Implementing Consent-Driven Data Ingestion

To resolve issues related to untargeted biometric scraping, teams must overhaul their data ingestion pipelines. Move away from bulk web scraping and implement consent-driven data collection mechanisms. If you require facial images for identity verification models, you must build user interfaces that explicitly request and document user consent before capturing biometric data. Update your ETL pipelines to automatically reject any image data that lacks a cryptographic signature verifying user consent. This ensures your training datasets remain uncontaminated by prohibited scraping practices.

Redefining the Deployment Context

In some cases, a model can be saved by strictly redefining its deployment context. If you have an emotion recognition model currently deployed in a workplace setting, you must immediately disable it for those users. However, if the same model architecture can be repurposed for a permitted use case, such as a safety-critical driver monitoring system, you can migrate the model to the new context. This requires implementing hard technical constraints, such as API rate limits and geographic fencing, to guarantee the model cannot be accessed by enterprise HR departments or educational institutions.

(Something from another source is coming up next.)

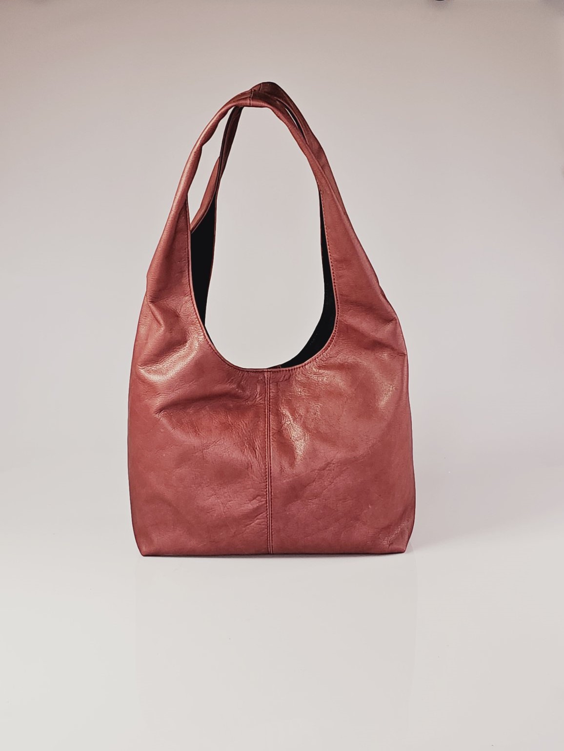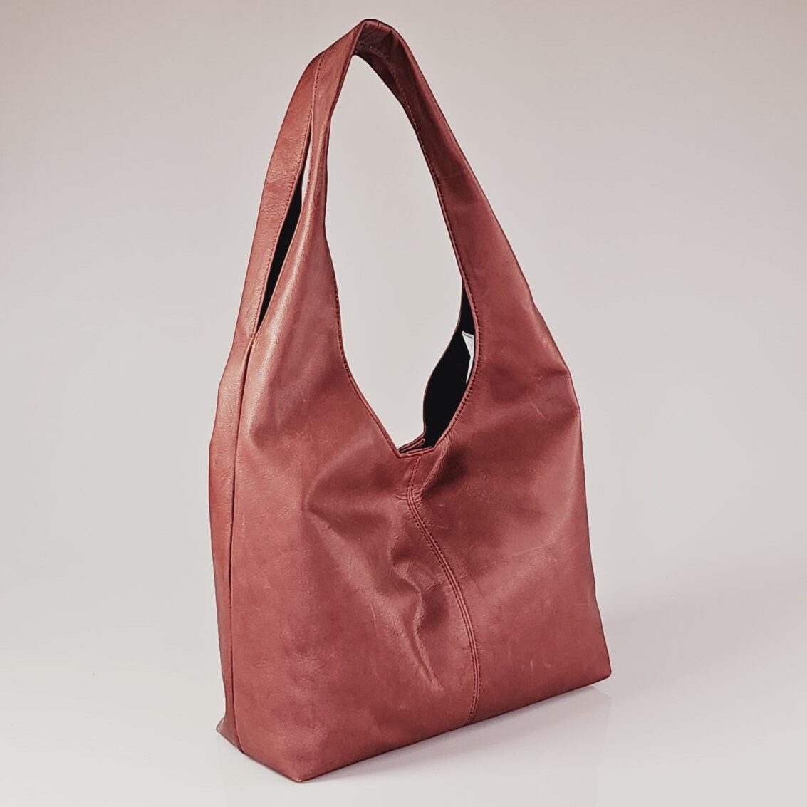 Women’s handmade shoulder bag burgundy colour leather. Internal main spaces with a helping cases. Closing with magnetic button.Dimensions: Length:28 cm ,Width:11 cm and height: 22 cm. Made and designed in GREECE. Delivery to 10 days.

Frequently Asked Questions

What is the difference between a provider and a deployer?

A provider develops an AI system and places it on the market under their own name or trademark, bearing the primary regulatory burden. A deployer uses an AI system under their authority in a professional context. Both parties have specific, legally binding compliance obligations under the EU AI Act, especially concerning high-risk systems.

Are open-source models exempt from the EU AI Act?

Open-source models are not entirely exempt from the regulation. If you fine-tune or deploy an open-source model for a high-risk or prohibited use case, you assume the regulatory responsibilities of a provider or deployer for that specific application. You cannot pass the liability upstream to the original open-source developers.

How does data residency impact EU AI Act compliance?

While the Act does not explicitly mandate EU data residency for all systems, proving compliance, data governance, and risk management is significantly easier when data remains within EU borders. Utilizing sovereign infrastructure avoids complex international data transfer mechanisms and ensures that regulators can easily audit your data provenance and processing pipelines.

What should engineering teams do before the August 2026 deadline?

Engineering teams must create a comprehensive AI system inventory, classify the risk tier of each model, and decommission any prohibited systems immediately. Furthermore, they must implement continuous risk management processes and establish rigorous data governance controls to ensure training datasets are representative, error-free, and fully documented before the August 2026 enforcement date.